L’avocat revient aussi sur sa nomination comme conseil légal de l’ICTA et sur l’affaire Emtel. Lorsque ses services ont été retenus pour représenter l’ICTA face à la compagnie de téléphonie mobile en cour et qu’il a pris connaissance du dossier, il a demandé des honoraires de 400 $ l’heure. «Après avoir calculé le nombre d’heures qu’il aurait fallu passer sur cette affaire, le montant s’est élevé à plus de Rs 24 millions», peut-on lire dans le document.

Par la suite, il a revu la somme à la baisse, en demandant Rs 12 millions pour l’affaire et deux appels anticipés. «Cette décision a été prise en toute bonne foi et en tant que patriote malgré le fait que le plaignant allait encourir des pertes financières.» Cependant, lorsqu’il a soumis son devis à l’ICTA, il a été révoqué le même jour.

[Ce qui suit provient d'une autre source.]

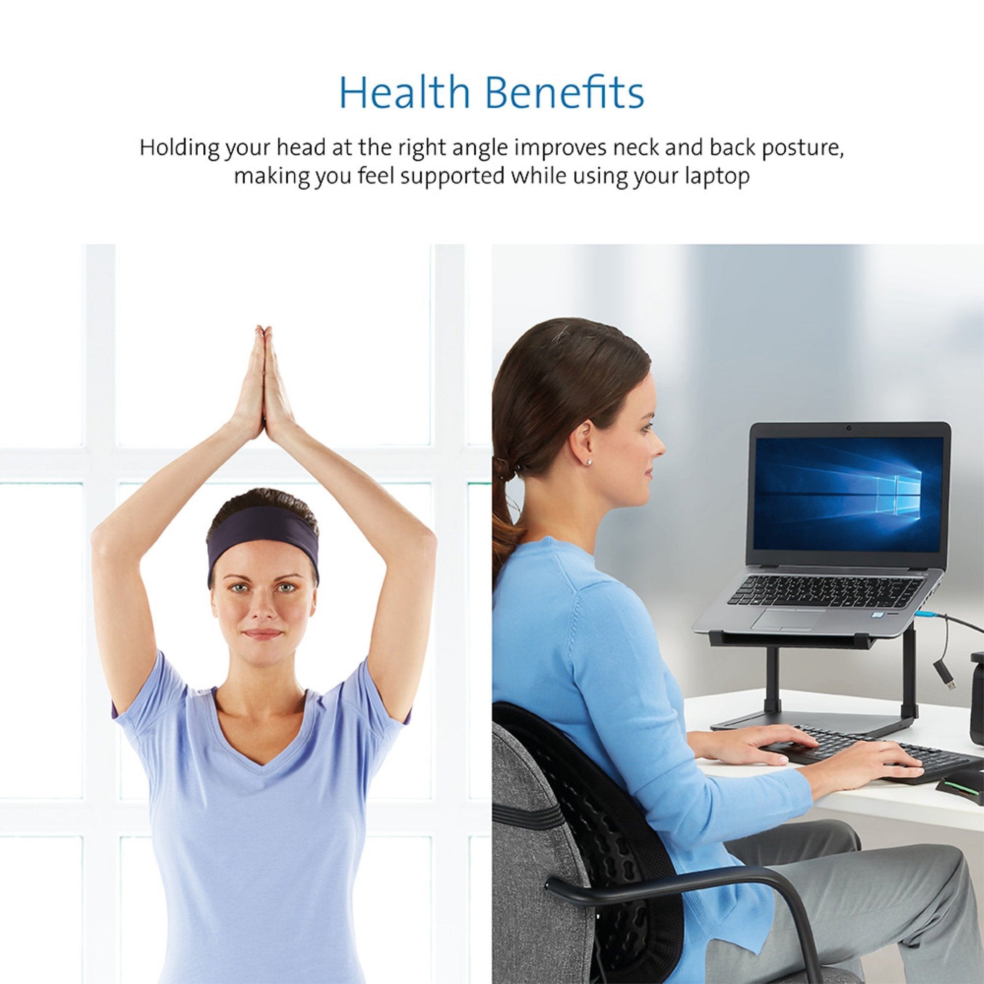 When you need to lift your laptop up to eye level, there’s no better ergonomic solution than the SmartFit Laptop Riser. Kensington has been a leader in ergonomics for more than 20 years and the laptop riser features the SmartFit System, which allows you to find your personal height setting for optimal comfort to reduce neck and back strain while you work. It also utilizes Zero Footprint mounting so you can mount a compatible Kensington universal dock underneath the laptop platform, keeping your desktop less cluttered.
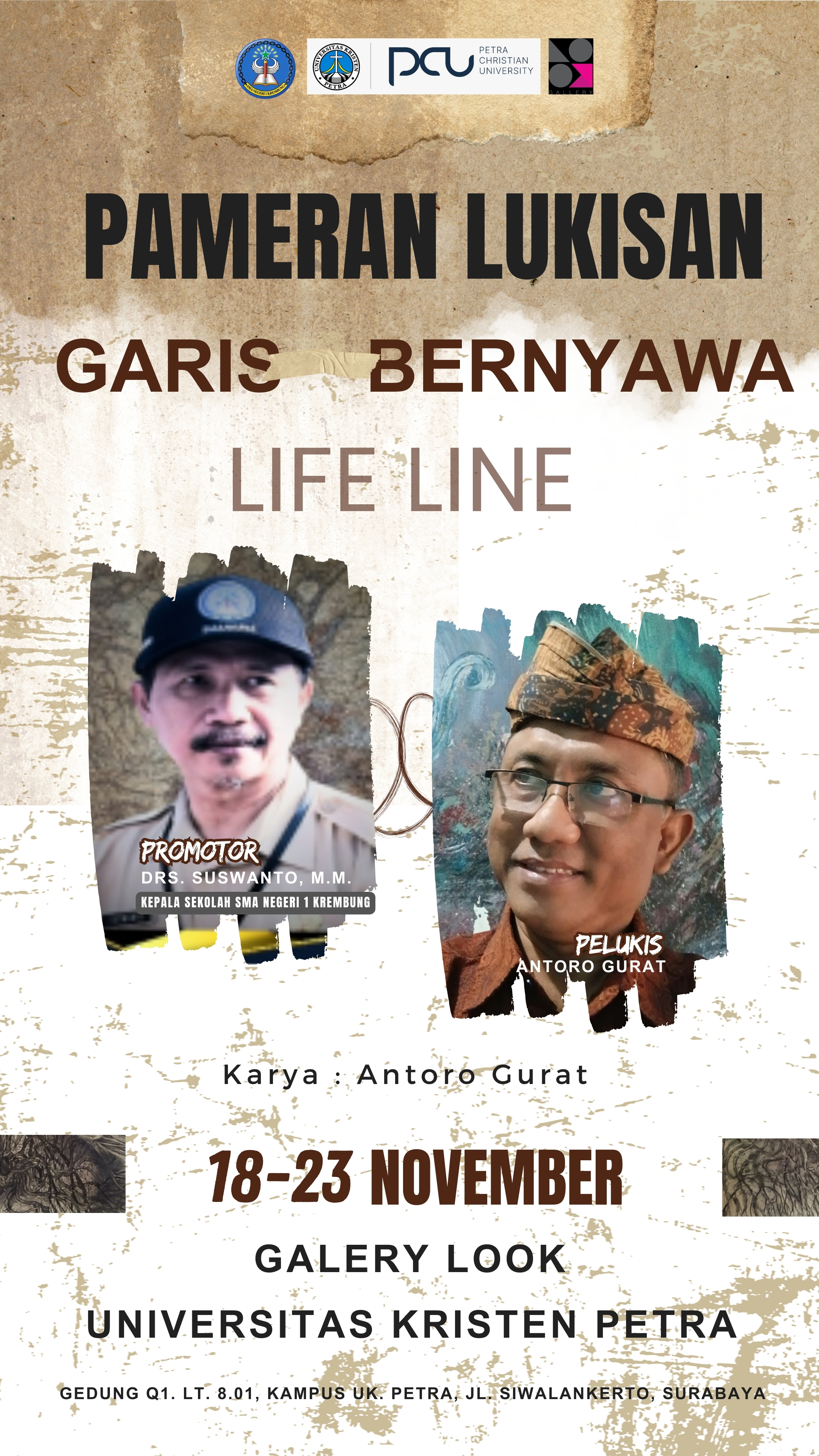 Pameran tunggal lukisan karya Antoro Gurat dengan tema "garis bernyawa". Akan diselenggarakan oleh Fakultas Humaniora dan Industri Kreatif UK Petra pada tanggal 18-23 November 2024 bertempat di Galery Look Universitas Kristen Petra.
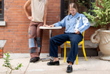 Ondo started as a way to honor damaged or discarded clothes from around Philadelphia. Each piece is one of a kind and handcrafted by Jess Larson and Autumn Ondo. Their sashiko inspired mends use 100% cotton thread and linocut stamps are hand carved and printed. Each print is heat set. Fading or inconsistencies in boldness can be expected.
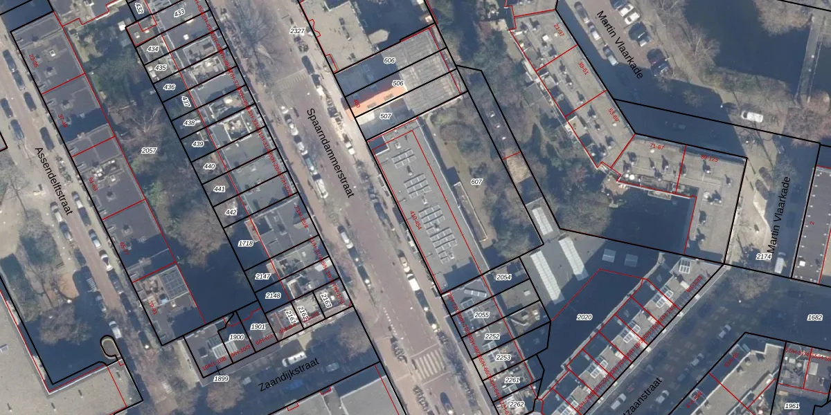 Spaarndammerstraat 430 is gelegen op kadastraal perceel ASD20X607. Deze kadastrale aanduiding is uniek en wordt gebruikt door het Kadaster om eigendomsrechten en andere zakelijke rechten vast te leggen. Het perceel maakt onderdeel uit van de kadastrale gemeente Amsterdam.

Il dit avoir ensuite été attaqué à plusieurs reprises par SAJ et sa réputation en a souffert. Il a rouvert son cabinet en juillet 2018 mais jusqu’à présent, il n’a pas encore eu un seul client payant. Il avance que depuis les commentaires de SAJ, qui aurait, sous-entendu qu’il n’avait pas d’éthique, il fait l’objet de regards malveillants et de commentaires du type «…thief, are you going to return Rs 19 millions?»

Pour rappel, SAJ avait affirmé qu’il n’était pas d’accord sur le paiement à l’heure, ni pour la somme de Rs 12 millions. À la fin, Kailash Trilochun avait touché Rs 19 millions.